Crypto-100 ECXOR
2017-11-15 00:00:00 +0000After looking into encrypt and decrypt function in ecxor_handout_100.py, it seems it’s using elliptic curve cryptography, but we’ll just focus on input and output. Encryption is taking place byte by byte, each byte is converted into a point.
Also the rfc module isn’t provided, so I looked up on internet and found rfc8032 and grabbed the module code from there, you can find it in rfc8032.py
In main function,
flag = 'flag{secret_placeholder_flag_decrypt_for_real_flag}' + open('english_padding.txt', 'r').read(200)
we can clearly see that 200 chars of english text is appended to the flag. Now let’s find out the length of the flag.
Start off by reading the ciphertext and parsing the points from it
ctext = open("ciphertext", "r").readlines()[0].split(';')
points = [point_decompress(base64.b64decode(p)) for p in ctext]
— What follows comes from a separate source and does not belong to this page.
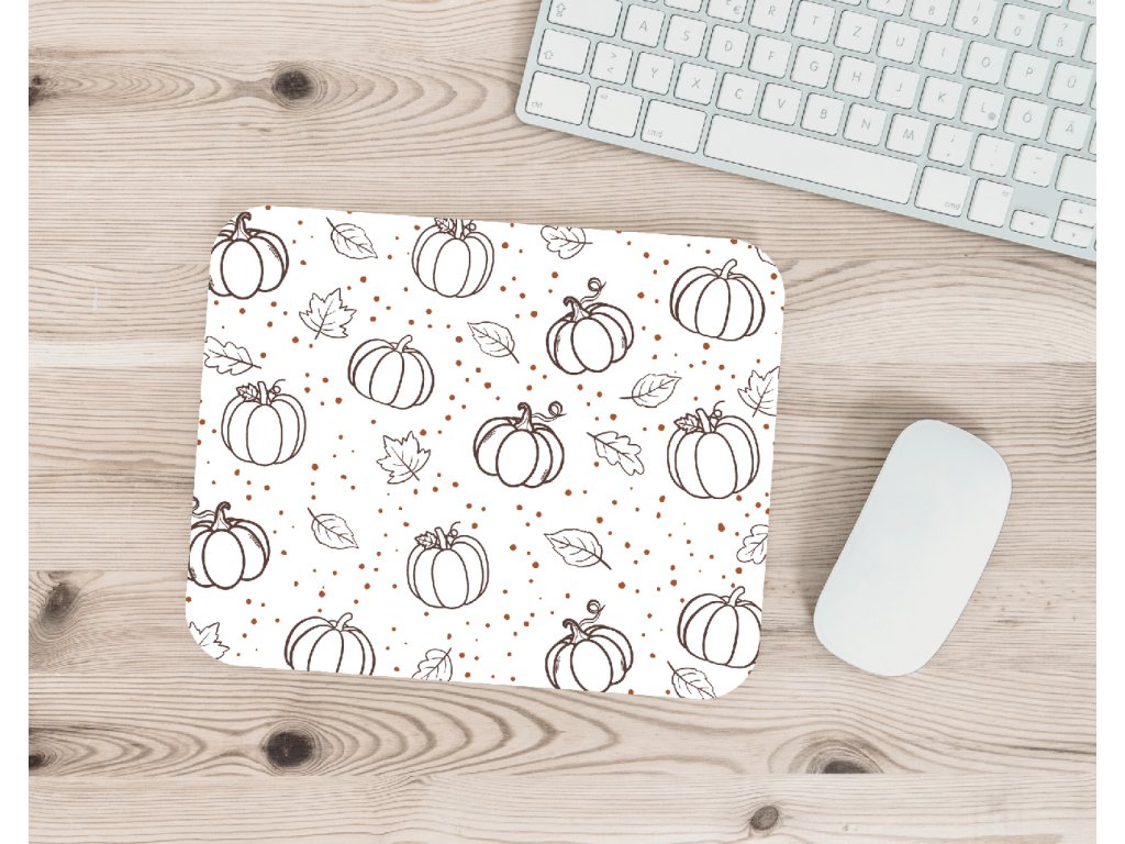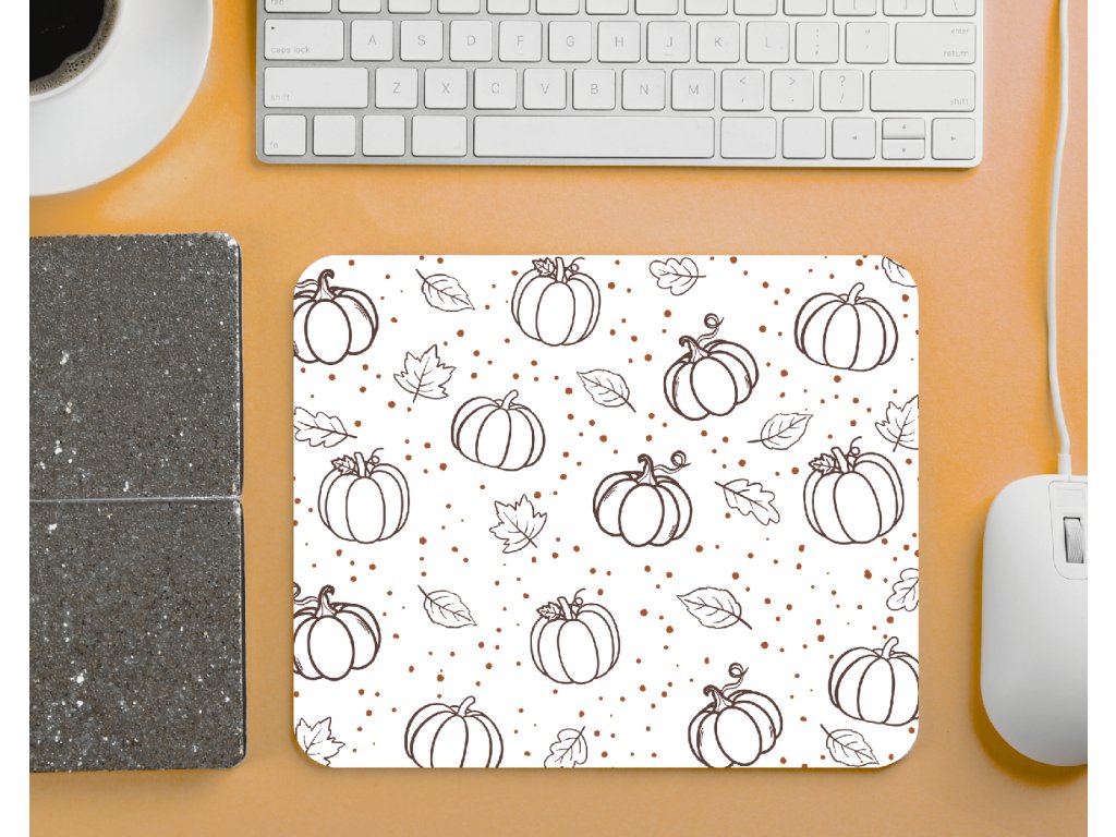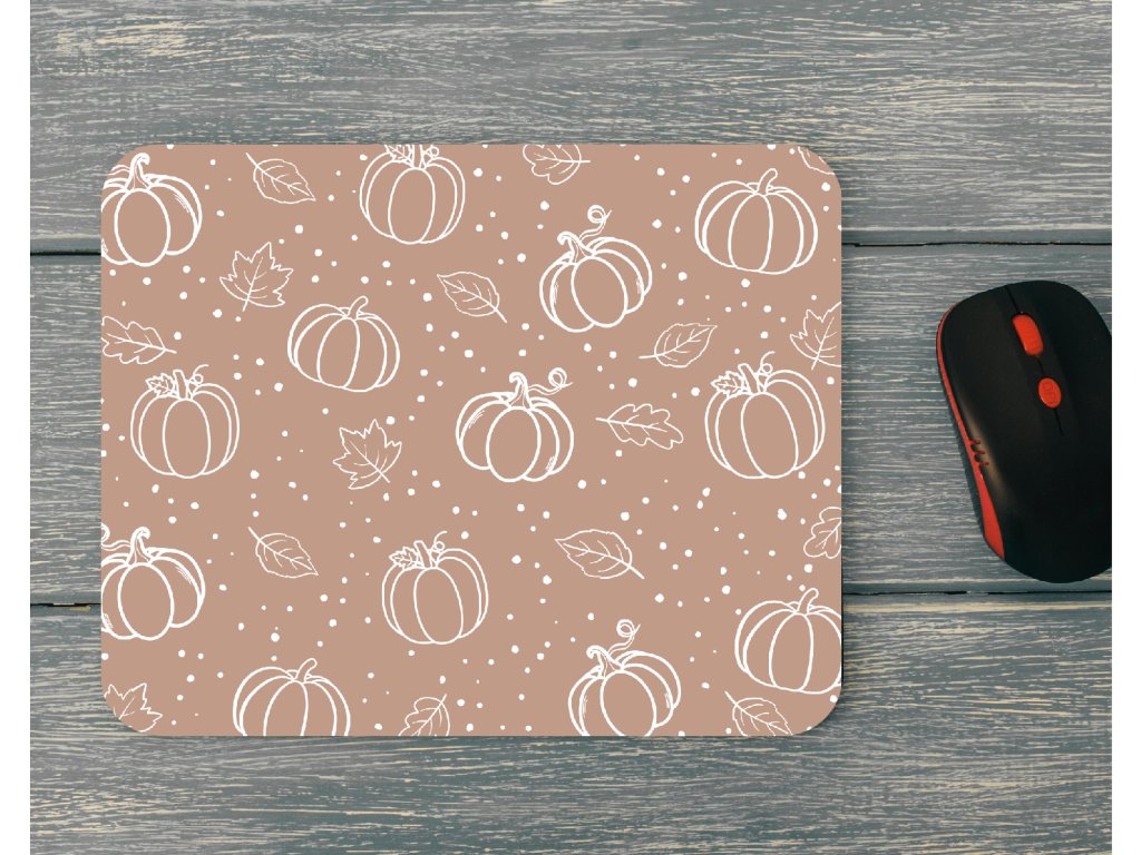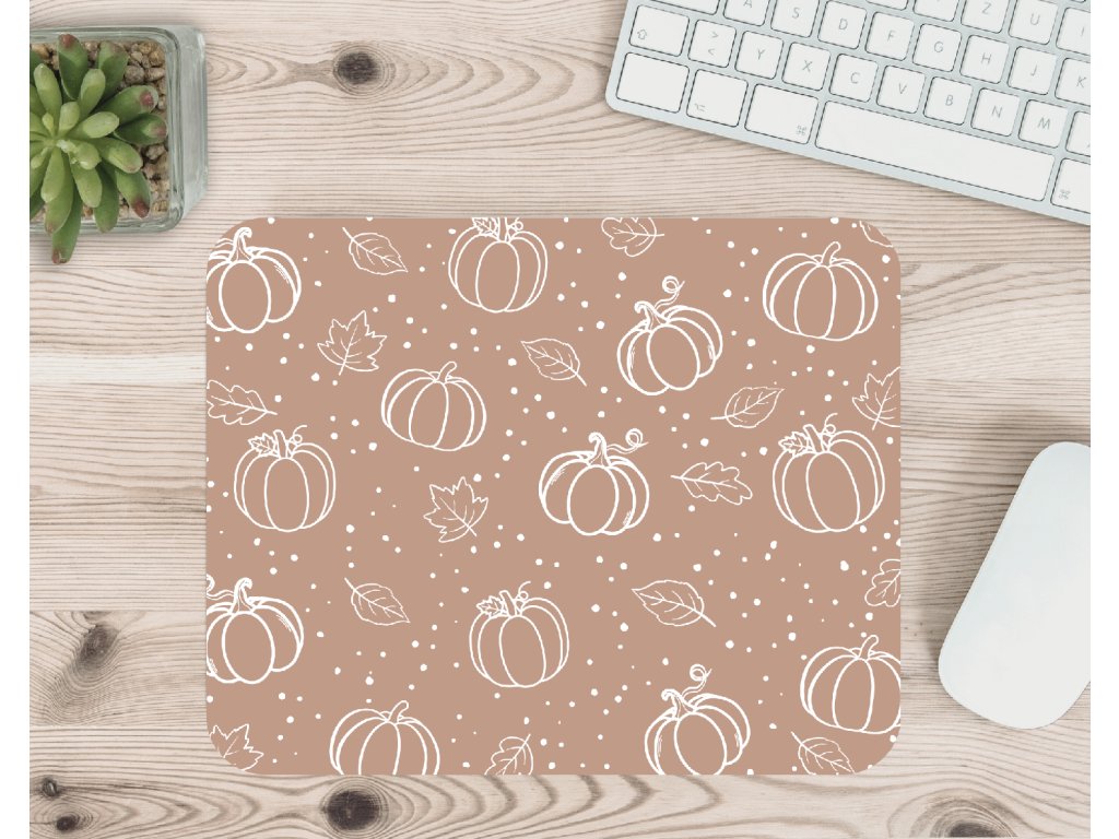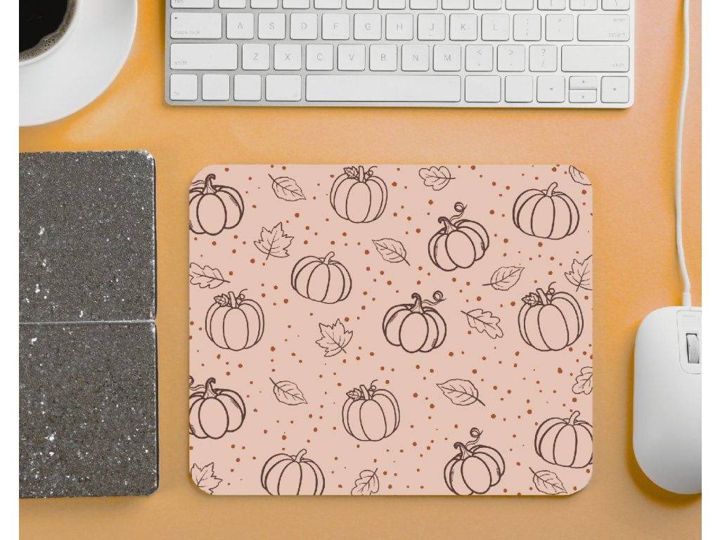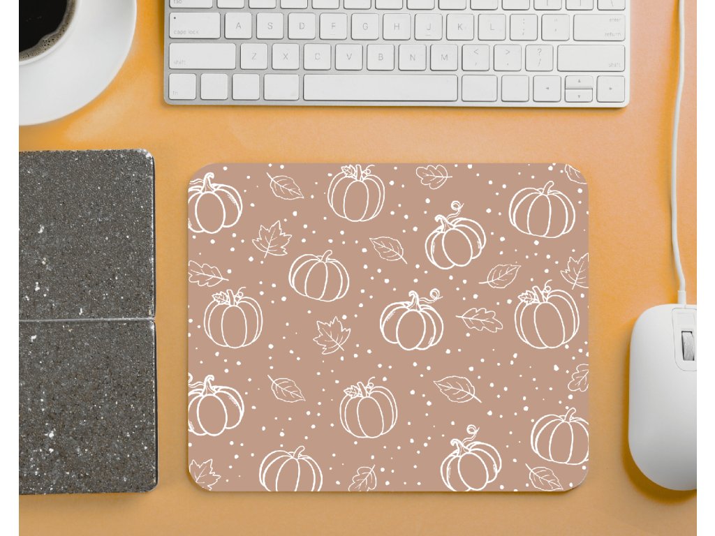 Stylová aesthetic podložka pod myš s motivem dýní a podzimních lístků. Skvělý doplněk na váš pracovní stůl, který vnese do každého dne nádech podzimu. 🍂🎃

len(points) gives us 258, so this means, 258-200 = 58, that is the length of flag.
We also know the flag structure, flag{…}
We can also see that the encryption algo encrypts byte by byte, so we can try to encrypt ‘f’ and try to match the output with ciphertext’s first byte and find the key’s first byte. Key length is given as 12
flag = "flag{"
i = 0
key = 0
while(key < 256):
decrypted = frompoint(point_add(negate(topoint(key)), points[i]))
if(dec == ord(flag[i])):
print(chr(dec), key, chr(key))
i += 1
key = 0
key += 1
So after running it for 5 iterations, we get these key bytes: 223 8 70 241 26
Since 58th char of plaintext is } (flag structure), we know one more byte of key, i.e. 12*4+10, 10th byte
Running this function for this value gives us 13
Let’s try to decrypt the given ciphertext using only these 6 identified bytes, may be we can get some insight.
So, I slightly modified the decryption function to decrypt using given key as an array.
def decrypt(key, points):
ptext = ''
for (x, y) in zip(cycle(key), points):
try:
pt = chr(frompoint(point_add(negate(topoint(x)), y)))
ptext += pt
except:
ptext += '*'
return ptext
It also replaces unprintable characters by *s
Now we define our key as: key = [223, 8, 70, 241, 26, 0, 0, 0, 0, 13, 0, 0] and try to decrypt the ciphertext
pt = decrypt(key, points)
print(pt)
We get
flag{±***rÄizing©***nÈe_to_«***tÕyry_gr¹***_Ì_not_±***}
af youq***gÒng tojto aj***,
y dea¼***sÄd Ali***"¬?ll haÀ*ñ*o×ing m¹***tÒ8do wi¾***oØF Mindj*
Alic¯***sust b¯***nÌg to ¾***ko her½***,:Now, Á*** Ä
I toj***wÌh
thi½***eÄure,
Cool, made some progress :)
Now we can guess/comlete missing/corrupted english words and try to find the remaining key bytes.
After trying for a while, i looked at ±***rÄizing, I thought this was a single word, so I looked up on the internet for words ending with izing and of 12 chars, tried some of them manually, also thought of writing a script but I was lazy :P
I also looked at the encryption algorithm for any loopholes, but couldn’t find any and started working on another problem.
Came again on this one and again tried a few words, and guess what, it worked this time :)
The word was ‘generalizing’, let’s try running the same script again,
This time our initial flag is: flag{generalizing, so we got 17 bytes, more than enough to find the whole key, and running the key finding script again, resulted in all 12 key bytes:
key = [223, 8, 70, 241, 26, 74, 225, 231, 228, 13, 99, 24]
Let’s now try to decrypt, woah, we got the flag:
flag{generalizing_vignere_to_arbitrary_groups_is_not_good}"If you're going toturn into a pig, my dear," said Alice, "I'll have
nothing more to do with you. Mind now!"
Alice was just beginning to think to herself, "Now, what am I to do with
this creature, w
I don’t know if we were supposed to solve it by guessing, but I am looking for another ways of solving this challenge.